I rarely have apple pie or any kind of pie but caramel sauce and vanilla ice cream sounds great to me!


----------



## hollydolly (Oct 15, 2020)

Rarely have pie...but  when I do, it's fresh double cream...


----------



## win231 (Oct 15, 2020)

Drool - if I'm anywhere near it.


----------



## CinnamonSugar (Oct 15, 2020)

Cheese— a slice if New York sharp cheddar is divine


----------



## Jules (Oct 15, 2020)

“Apple pie without cheese is like a kiss without a squeeze.“

So even though I grew up with this saying, I prefer a good quality vanilla ice cream or whipped cream.  I’ll take the cheddar cheese, if it and the pie are heated.


----------



## needshave (Oct 15, 2020)

Homemade Brown-Sugar Cinnamon Ice Cream.


----------



## Pink Biz (Oct 15, 2020)

*Vanilla ice cream or plain. Never got the cheese thing.*


----------



## Pappy (Oct 16, 2020)

CinnamonSugar said:


> Cheese— a slice if New York sharp cheddar is divine



I totally agree. Real sharp.


----------



## Gemma (Oct 16, 2020)

It's vanilla ice cream for me.


----------



## Devi (Oct 16, 2020)

Okay ... both.


----------



## Wren (Oct 16, 2020)

_Cheese ??? _

I’ve never heard of cheese with apple pie.....vanilla ice cream for me, failing that, cream


----------



## CinnamonSugar (Oct 16, 2020)

Wren said:


> _Cheese ??? _
> 
> I’ve never heard of cheese with apple pie.....

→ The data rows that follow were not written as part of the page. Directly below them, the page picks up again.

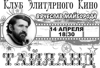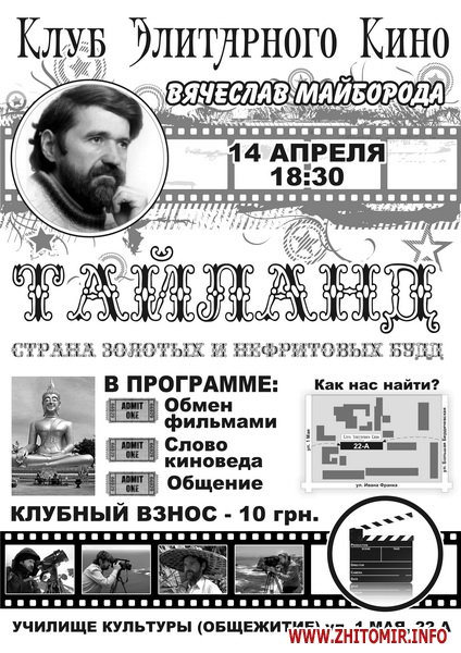 14 апреля житомирский Клуб элитарного кино приглашает на просмотр фильма Вячеслава Майбороды «Тайланд». Начало – в 18.30, училище культуры (общежитие), ул. 1 Мая, 22а. Клубный взнос – 10 грн.
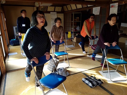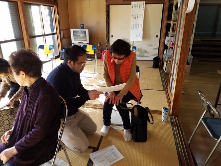令和元年12月23日(月)に、9日に行われた体力測定の結果返却へ上町青年館に伺いました。本日参加された4名の方に結果を返却させていただきました。体操を継続している成果が結果に現れておりました。実際の体操の場面も拝見して、より効果的な体操となるよう少しアドバイスもさせていただきました。
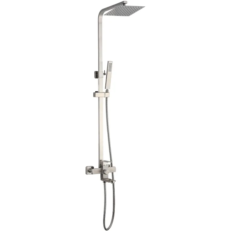 Душевая система Ростовская Мануфактура Сантехники SUS125-009DK.Характеристики: Цвет: нержавеющая сталь. Материал: нержавеющая сталь. Размер верхнего душа: 26х26 см. Форма: квадратная. Форма ручного душа: прямоугольная. С однорычажным смесителем. Механизм: керамический картридж 35 мм. Количество режимов струи ручного душа: 1. Регулируемая по высоте стойка: 71-127 см. Длина шланга: 150 см. Монтаж: настенный. Стандарт подводки: 1/2. В комплекте поставки: Смеситель. Верхний душ. Штанга для душа. Душевая лейка. Душевой шланг. Эксцентрики, отражатели.
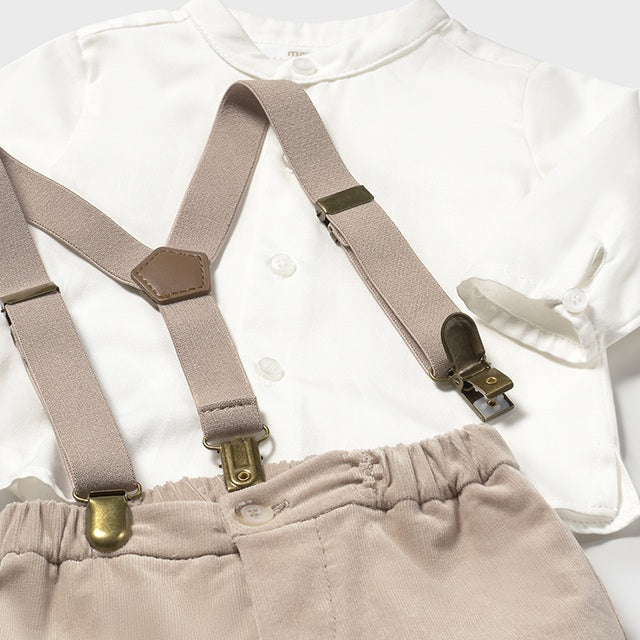 Dress your little one in this adorable long sleeve button-down shirt paired with charming suspender shorts. Perfect for playdates or family gatherings, this outfit offers both style and comfort. The breathable fabric keeps your child cozy while the suspenders add a fun, classic touch that’s sure to stand out. Easy to mix and match, this set makes getting dressed a joyful adventure every day.

it’s a New England USA tradition.  The pie can’t  be sicky-sweet either


----------



## Duster (Oct 16, 2020)

I made an apple pie last week and used a streusel top instead of a pastry top.  It was a gluten free crust and turned out so delicious.
I love adding fresh nutmeg to my apple pie spices.  I never add any toppings, the apple pie is enough.  I use fresh apples from the orchard when I'm able to.


----------



## gennie (Oct 16, 2020)

Good quality vanilla ice cream on warm pie.  If pie is not warm, nothing.


----------



## Pam (Oct 16, 2020)

Apple pie and hot custard for me. Second choice would be cream, third choice vanilla ice cream.


----------



## CeeCee (Oct 16, 2020)

Nothing.

In fact, no more apple pie for me.  I finally gained all the weight I lost last year....too bad becasue it was fun eating everything I wanted and not gaining because of anxiety.


----------



## twinkles (Oct 16, 2020)

crust


----------